Ира присела на диван, подложив под себя одну ногу. Голая пятка розовела из-под халатика, на другую ногу лёг блестяще-жёлтый отпечаток вечернего солнца. Не сводя глаз с Глеба, девушка закусила нижнюю губу и насупилась. Она была белокожая, но без веснушек, и тоненькая. Лёгкая, как дыхание, двинулась ближе и по-птичьи склонила голову набок.
– Ты меня слышишь?
– А мне понравился спектакль, – сказал Глеб, не оборачиваясь. – Честное слово, Ир. Честно. Понравился.
Она вспорхнула с места:
– Что случилось, Глеб? Скажи. Нет, правда, что случилось?
Он отвернулся от окна, широкая безмятежная улыбка раздвинула щёки. Но девушка на такие штучки не покупалась.

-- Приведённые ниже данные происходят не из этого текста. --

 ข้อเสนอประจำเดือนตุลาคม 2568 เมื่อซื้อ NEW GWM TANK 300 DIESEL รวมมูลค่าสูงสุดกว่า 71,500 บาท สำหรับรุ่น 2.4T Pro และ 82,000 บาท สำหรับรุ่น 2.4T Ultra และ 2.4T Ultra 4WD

– Это… это связано с нами?
– Не знаю, – сказал Глеб. – Кажется, да.
Ира застыла посреди комнаты, готовая к сколь угодно страшной исповеди, увидев, что улыбку на лице Глеба заменило выражение грусти и сосредоточенности. Он подступил к девушке и принялся разглядывать ярко-розовый след у неё под губой.

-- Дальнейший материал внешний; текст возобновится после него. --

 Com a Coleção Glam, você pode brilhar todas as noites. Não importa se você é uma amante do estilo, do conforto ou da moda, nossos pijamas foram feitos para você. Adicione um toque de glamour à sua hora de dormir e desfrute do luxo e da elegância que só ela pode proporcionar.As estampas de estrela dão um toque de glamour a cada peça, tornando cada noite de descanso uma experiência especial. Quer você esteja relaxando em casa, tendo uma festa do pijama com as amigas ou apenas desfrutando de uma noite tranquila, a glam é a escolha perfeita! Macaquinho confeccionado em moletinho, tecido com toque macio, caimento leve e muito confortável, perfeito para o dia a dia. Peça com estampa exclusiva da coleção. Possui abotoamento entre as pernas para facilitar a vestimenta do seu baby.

– Только не расстраивайся, хорошо? Ничего такого тут нет. Обещай, что не будешь расстраиваться.
– Глеб!
Ире не терпелось узнать, в чём дело. Глеб сел на диван и похлопал ладонью справа от себя. Девушка устроилась рядом.
– Дело в том, что… Ничего плохого не случилось, честно. Просто мне не даёт покоя один вопрос.
– Ну?
Глеб наклонился и поцеловал её нос.
– Обо что бились мотыльки во времена динозавров?
– Мотыльки?
– Ну да. Доисторические. Обо что они колотились, когда не было электрических ламп или оконных стёкол? Мне очень интересно.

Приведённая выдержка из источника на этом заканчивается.